ГЛАВА 15: ГОЛУБИНАЯ ПОЧТА И СТАЛЬНЫЕ РЕШЕНИЯ

Замок Габсбургов, Австрия. Кабинет Леопольда.

Кабинет Леопольда в Хофбурге был молчаливым свидетелем истории. Портреты предков в золочёных рамах, тяжёлые дубовые панели, пропитанные запахом воска и старины, и массивный письменный стол, за которым когда-то подписывались судьбоносные указы, – всё здесь напоминало о бремени наследия. Воздух был наполнен тишиной, нарушаемой лишь потрескиванием поленьев в камине и шелестом бумаги.

Леопольд фон Габсбург сидел за столом, держа в руках письмо на толстой, слегка пожелтевшей бумаге с водяными знаками. Конверт был украшен печатью Ватикана – скрещёнными ключами Святого Петра и тиарой.
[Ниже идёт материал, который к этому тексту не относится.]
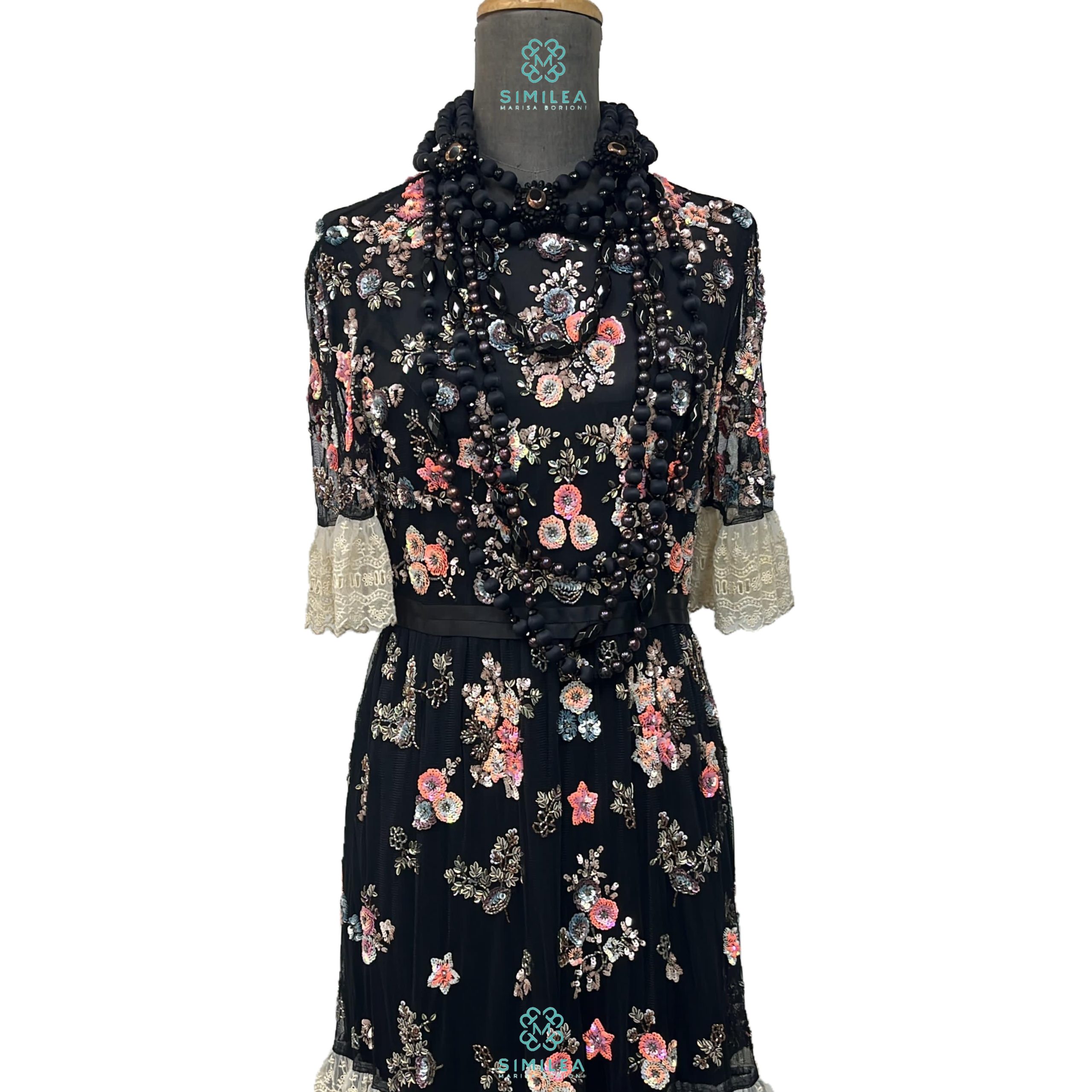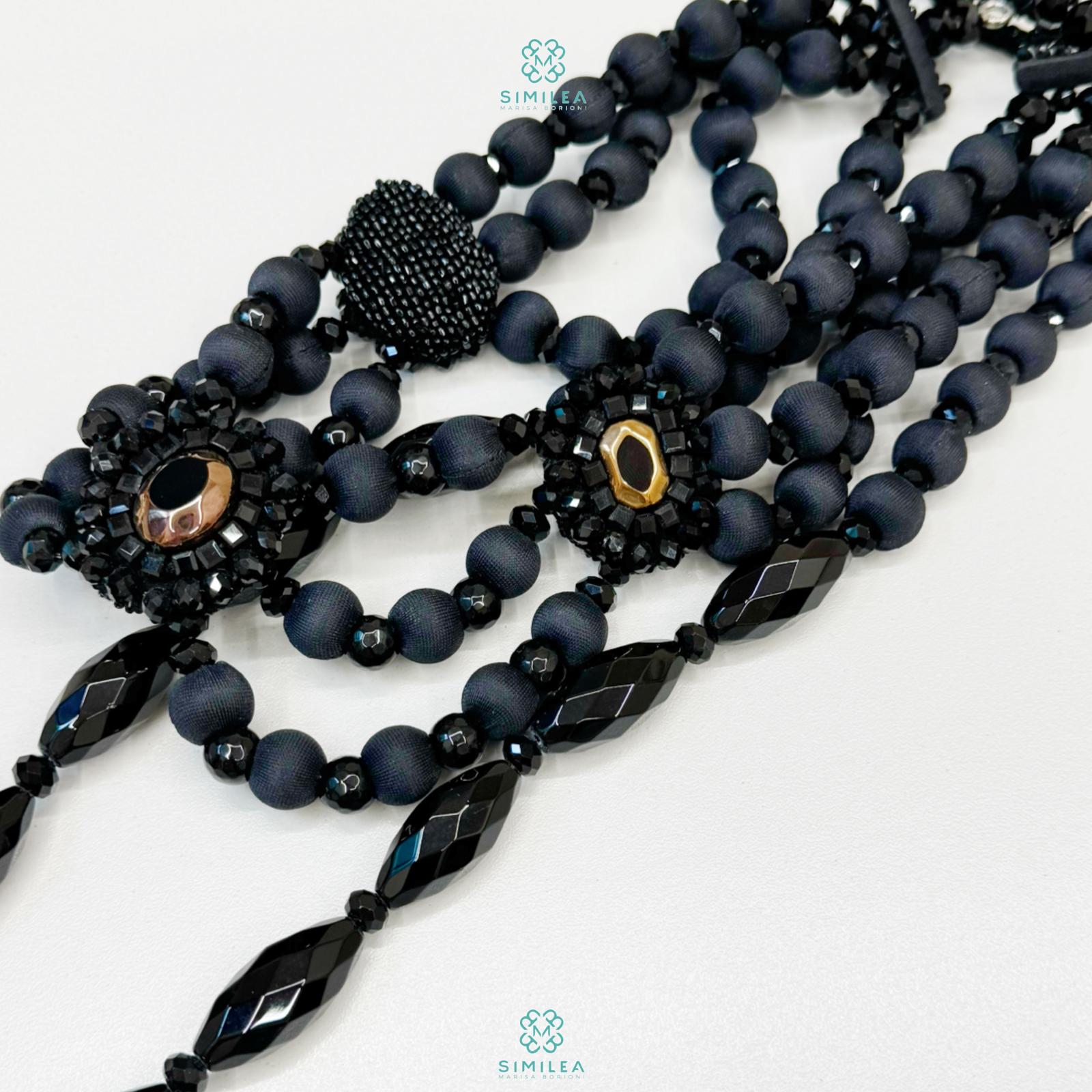 Collana con fili di sfere avvolte in seta, cristalli lucenti e perle nere. Decorato con tre placche frontali con ricamo cristalli dorati e perline.
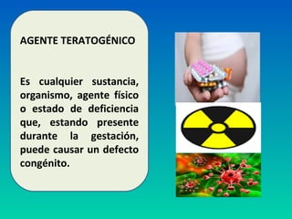 Este documento describe los agentes teratogénicos, que son sustancias que pueden causar defectos congénitos cuando están presentes durante el embarazo. Define defectos congénicos y enumera algunos de los primeros agentes teratogénicos identificados como la radiación, el virus de la rubéola y la talidomida. Luego describe varios tipos de agentes teratogénicos como medicamentos, enfermedades maternas, infecciones, radiaciones y sustancias químicas. Finalmente, explica cómo actúan los agentes teratog
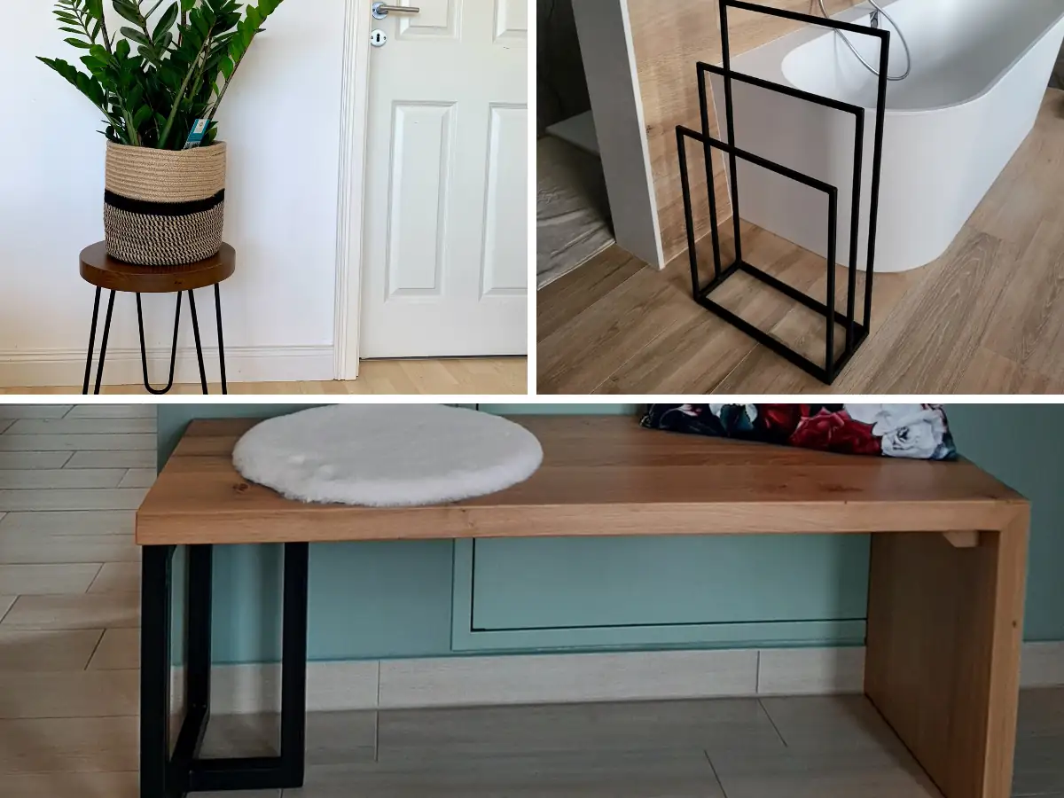 Gewürzregale: Aus Holz und Metall, perfekt für die Aufbewahrung von Gewürzen in der Küche. - Kleiderbügel und Halter: Kleiderbügel: Mit Holzkugeln oder Haken an Metallrohren. Handtuchhalter: Stangen aus Eichenholz mit Metallbefestigung oder Kleiderbügel komplett aus Metall – sie passen perfekt in jedes Badezimmer. Unser Vorschlag ist ein moderner Loft-Handtuchhalter
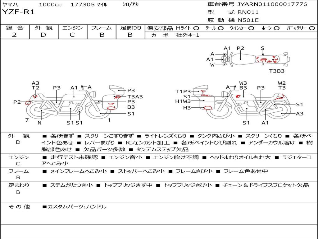 | Номер рамы / VIN | JYARN011000017776 |
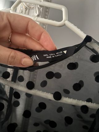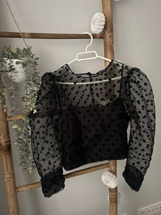 Elegante blusa de Zara con un diseño de lunares. - Mangas abullonadas. - Tejido semitransparente. - Corte moderno.

Его глаза медленно скользили по строчкам, написанным на изысканной латыни с вкраплениями итальянских фраз.

– Святой Престол беспокоится о душах, – прочёл он вслух, и его голос прозвучал в тишине кабинета как удар колокола. – О сохранении христианских ценностей в стремительно секуляризирующемся мире. Он предлагает поддержку… в обмен на влияние на европейскую культурную политику. Леопольд отложил письмо и посмотрел на Фридриха, стоявшего у камина. – Они хотят, чтобы мы стали их голосом в светском мире. Их мечом и щитом.

Фридрих Гогенцоллерн, мрачный и недвижимый, как одна из статуй в саду Хофбурга, не сразу ответил. Его взгляд был прикован к портрету Карла V, чья империя когда-то простиралась от Перу до Венгрии. – Они хотят, чтобы мы стали их светской рукой, – произнёс он наконец, и каждый звук был отточен, как клинок. – Чтобы мы протянули её туда, куда их духовная власть уже не дотягивается. Но мы не рука, Леопольд. Мы – голова. Мы думаем. Мы решаем. Мы не служим инструментом, даже если им кажется иначе. Он повернулся, и его глаза метнули искры. – Они предлагают союз? Пусть. Но мы определим его условия.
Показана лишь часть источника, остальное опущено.